The problem always is that when there are too many memories, the context gets overloaded and the AI starts ignoring the system prompt.
Definitely not a solved problem, and there need to be benchmarks to evaluate these solutions. Benchmarks themselves can be easily gamed and not universally applicable.
Also since I thought for another 30 seconds, the “too many memories!” Problem imo is the same problem as context management and compaction and requires the same approach: more AI telling AI what AI should be thinking about. De-rank “memories” in the context manager as irrelevant and don’t pass them to the outer context. If a memory is de-ranked often and not used enough it gets purged.
ReadMe does support loading memories mid-reasoning! It is simply an agent reading files.
Although GPT-5.4 currently likes to explore a lot upfront, and only then responds. But that is more of a model behaviour (adjustable through prompting) rather than an architectural limitation.
A removal mechanism is not (yet) implemented. But in principle, we could adjust the instructions in Update.md so that it does a minor "refactor" of the filesystem each day, then newer abstractions can form, while irrelevant gets pruned/edited. That's the beauty of the architecture, you define how the update can occur!
But if you do have a new memory (possibly contradicting an old one), is it really a good idea to prune/edit it?
If you are genuinely uncertain between choice A and B, then having them both exist in the memory archive might be a feature. The agent gets the possibility of seeing contradictory evidence on different dates, which communicates indecisiveness.
The purpose of memory pruning is not to “forget” useful or even contradictory information, but to condense it so that the useful bits of the memory take less context and be more immediately accessible in situations that need it.
I address it through merging the lower-level memories into more abstracted ones through a temporal hierarchical filesystem. So, days -> months -> quarters -> years. Each time scale focuses on a more "useful" context since uncertain/contradictory information does not survive as it goes up in abstraction.

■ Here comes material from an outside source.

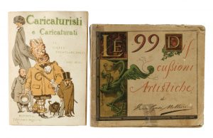 In-16° (mm 188x125). Pagine 146, [1], 1 bianca con 54 incisioni in bianco e nero e 8 cromolitografie interne alle pagine. Buona copia, internamente in ottimo stato di conservazione. Conservata la brossura originale in cartonato con illustrazioni e titoli impressi a colori. Al contropiatto anteriore ex-libris Marsili Libelli. SI AGGIUNGE: Molteni Gasi Enrico (pseud. di Telemaco Signorini), Le 99 discussioni artistiche […]. Firenze: Landi, 1866. In-16° oblungo (mm 168x85). Carte [6], XCI, [3]. Frontespizio in rosso e nero, un ritratto litografico dell'Autore in principio di volume e 100 bei capilettera alle pagine. Per un difetto di legatura ab origine circa 20 pagine con numerazione romana si trovano fuori ordine, ma il testo è ben completo e nelle sue barbe, seppur interessato da alcune tracce d'uso e bruniture uniformi. Un restauro alla carta d'occhietto ed un piccolo foro di tarlo alle prime carte. Legatura in cartonato editoriale con titolo e autore riportati al piatto anteriore e al dorso con impressione a colori. Diverse mancanze laterali, rinforzi in nastro adesivo trasparente alle cerniere e angoli lenti. I opera: Edizione originale con illustrazioni e caricature realizzate da A. Tricca e altri artisti macchiaioli toscani frequentatori del Caffè Michelangiolo.

For example, A day-level memory might be: "The user learned how to divide 314 by 5 with long division on Jan 3rd 2017."
A year-level memory might be: "The user progressed significantly in mathematics during elementary school."
From the perspective of the LLM, it is easier to access the year-level memories because it requires fewer "cd" commands, and it only dives down into lower levels when necessary.
You need clever naming for the filesystem and exploration policy in AGENTS.md. (not trivial!)
The benchmark is definitely the core bottleneck. I don't know any good benchmark for this, probably an open research question in itself.